Chrm Pos Ref_Allele Mut_Allele

17 19713740 0 56 16 28603393 1 53 15 74883710 22 0 9 95784648 156 59 1 213009469 0 37 3 49724639 58 10 6 70961833 101 44 5 1081767 92 59 10 106152111 28 22 14 102695693 11 10 1 151204762 59 0 16 19547747 1 50

Below is my command /bin/RunTHetA CN-FILE.txt --TUMOR_FILE TUMOR-FILE.txt --NORMAL_FILE NORMAL-FILE.tsv

Below is my error message

Arguments are: Query File: CN-FILE.txt k: 3 tau: 2 Output Directory: ./ Output Prefix: CN-FILE.txt Num Processes: 1 Graph extension: .pdf

Valid sample for THetA analysis: Ratio Deviation: 0.1 Min Fraction of Genome Aberrated: 0.05 Program WILL cluster intervals.
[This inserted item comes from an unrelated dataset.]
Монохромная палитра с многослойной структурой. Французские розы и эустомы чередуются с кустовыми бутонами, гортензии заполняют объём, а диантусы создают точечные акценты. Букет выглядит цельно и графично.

Reading in query file... Frac with potential copy numbers: 0.839205341782 Reading SNP file at TUMOR-FILE.txt Reading SNP file at NORMAL-FILE.tsv Reading interval file at CN-FILE.txt Calculating BAFs Determining heterozygosity. Calculating BAFs. Traceback (most recent call last): File "/volumes/neo/code/3rd_party/THetA-master/bin/../python/RunTHetA.py", line 505, in main() File "/volumes/neo/code/3rd_party/THetA-master/bin/../python/RunTHetA.py", line 283, in main resultsfile2, boundsfile2 = run_fixed_N(2, args, intervals) File "/volumes/neo/code/3rd_party/THetA-master/bin/../python/RunTHetA.py", line 317, in run_fixed_N intervals, missingData, corrRatio, meanBAFs = get_clustering_args(tumorfile, normalfile, filename, num_processes, m, tumorCounts, normCounts) File "/volumes/neo/code/3rd_party/THetA-master/bin/../python/RunTHetA.py", line 263, in get_clustering_args intervalsByChrm[chrm].append(interval) IndexError: list index out of range

— Reply to this email directly or view it on GitHub https://github.com/raphael-group/THetA/issues/8.
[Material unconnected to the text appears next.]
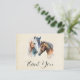 Thank You postcard with a beautiful watercolor drawing. Featuring a pair of horses, brown and white. Head and neck visible with dripping paint along the base of their neck. Southwestern vibe.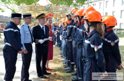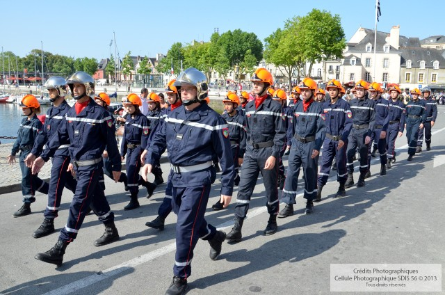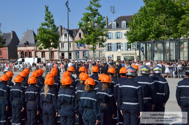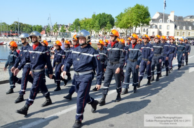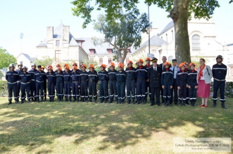 A l’occasion de la cérémonie patriotique du 14 juillet, les Jeunes Sapeurs-Pompiers du Groupement Territorial de Vannes (sections de Guer, Vannes-Grand-Champ,Muzillac et Ploermel) ont participé au défilé sur l’Esplanade du Port au son de la musique de Batterie Fanfare des sapeurs-pompiers, et suivis par des véhicules du Centre de Secours de Vannes. A l’issue de cette cérémonie, Jean-François Savy, préfet du Morbihan, leur a remis un témoignage de satisfaction en présence de David Myard, Directeur de Cabinet, de Françoise Favreau, Inspectrice d’Académie, de David Robo, Maire de Vannes et du colonel Cyrille Berrod, directeur départemental.

daidaobee commented 8 years ago

I thought that was the case. But I did a "cat -T " and they are indeed tab separated. It probably looks space separated because of my copy-and-paste.

egeulgen commented 6 years ago

Hello, I'm currently facing the same issue. My SNP files are also tab-seperated. I don't get any errors when I don't specify SNP files. If needed, I can provide my inputs as well. Any help would be greatly appreciated. Best, -E

egeulgen commented 6 years ago

Would you happen to call chrY as 23 as well? I think that was the issue. I changed the necessary line python script as below and now it works. intervalsByChrm[chrm].append(interval) intervalsByChrm[chrm - 1].append(interval)

reykajayasinghe commented 5 years ago

Unfortunately the above fix didn't work for me. I just ended up removing all chrx and chry from my input snp files.